Девушка засмеялась. Ноздри ее дрожали, золотой зуб поблескивал, и, ко всему, она еще толкнула Станислауса. Это был легонький толчок, ласковый.
– Здесь мужской разговор! – пробурчал Хельмут, и в этом ответе уже скрипнула легкая враждебность.
Напрасно Станислаус пытался внушить себе, что любовь – это болезнь зеленых юнцов. Таково было мнение Людвига Хольвинда, а он ведь ничего не достиг, только памятник обмочил. Станислаус искал спасения в биологии, рассматривал любовь с научной точки зрения, называл ее: игра крови, стремление к размножению, брачная пора, инстинкт спаривания. Что мог он, одухотворенный человек, поделать с любовью? Все великие мудрецы и ученые не имели ничего общего с женщинами, по крайней мере в своих книгах. Они были обручены с наукой как монашки с Иисусом Христом.
Девушка пришла еще раз. Пришла одна. Хельмут от вежливости впал в ханжество.
– Вашей матушке нездоровится, милая фройлейн?
– Спасибо, она здорова.
Девушка ничего не имела против, чтобы ее считали милой и обольстительной. Хельмут ходил взад и вперед, распустив хвост, точно павлин. Он с такой силой отбивал домашнее тесто, что оно звенело. Эмиль натянул на себя белую куртку, понимающе кивнул и сдвинул белый колпак на самый затылок.
Станислаус в приямке делал вид, что у него еще много возни с печью.
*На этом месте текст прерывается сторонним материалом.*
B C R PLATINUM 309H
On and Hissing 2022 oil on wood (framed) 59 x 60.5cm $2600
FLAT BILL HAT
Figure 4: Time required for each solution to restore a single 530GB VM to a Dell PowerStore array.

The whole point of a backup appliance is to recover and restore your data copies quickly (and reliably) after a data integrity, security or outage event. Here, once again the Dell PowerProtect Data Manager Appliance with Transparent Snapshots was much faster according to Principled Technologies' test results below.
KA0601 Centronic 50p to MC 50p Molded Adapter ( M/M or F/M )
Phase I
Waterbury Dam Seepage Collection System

Ох уж этот ток! Он ведь не тетерев, которому весна кровь будоражит. Что ж ему теперь, вступать в соревнование с этим моторизованным Хельмутом по части любовных слов и называть девушку чуть ли не графиней?
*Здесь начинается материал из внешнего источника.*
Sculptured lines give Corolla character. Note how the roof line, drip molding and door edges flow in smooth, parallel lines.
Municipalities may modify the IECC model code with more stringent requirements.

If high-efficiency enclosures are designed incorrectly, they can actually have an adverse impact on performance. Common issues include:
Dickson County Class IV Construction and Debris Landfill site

Графиня захотела спуститься к нему в приямок:
– Можно мне сюда?
Она не стала дожидаться ответа, но на нижней ступеньке помедлила, испугавшись темной ямы. Он не схватил ее протянутую руку. Тут был ученый муж, а не какой-нибудь ухажер и кавалер. Ей хотелось увидеть печной огонь. Он показал ей его. Она отпрянула от жара, крепко ухватилась за Станислауса и одержала над ним победу.
В план заочного обучения любовь не входила. Любить, aimer, to love. Все это, написанное в тетрадке, выглядело красиво и сухо. С тетрадкой в руках он высунулся из чердачного окна. Какой свежий весенний воздух! И тут он вдруг понял, «что хотел сказать поэт Гёте монологом Фауста». Но эта тема была уже пройдена. И он за нее получил двойку от своего далекого учителя.
Он попытался найти поддержку у Эмиля. Этот человек, по-видимому, не очень-то страдал от соблазнов.
– Скажи, Эмиль, как ты переносишь весну?
– Как будто плывешь под водой. И ничего не замечаешь. Сейчас я уже третьего поросенка выкормил кормовой мукой.
– Ну?
– Поживем – увидим: если все будет в порядке, то я, наверное, дам объявление в брачную газету.
Никакого утешения для Станислауса!
Хельмут вступил в корпорацию автомобилистов и хвастал еще пуще прежнего:
– Мы ездим по военным правилам, очень дисплицинированно.
– Надо же, – сказал Эмиль, помешивая сахарную глазурь.
– Я думаю, следует говорить «дисциплинированно». – Должен же был Станислаус вмешаться? Но Хельмут плевать хотел на его ученость:
– Ты, кажется, про думанье что-то сказал? Это чепуха. Дисплицина – это все!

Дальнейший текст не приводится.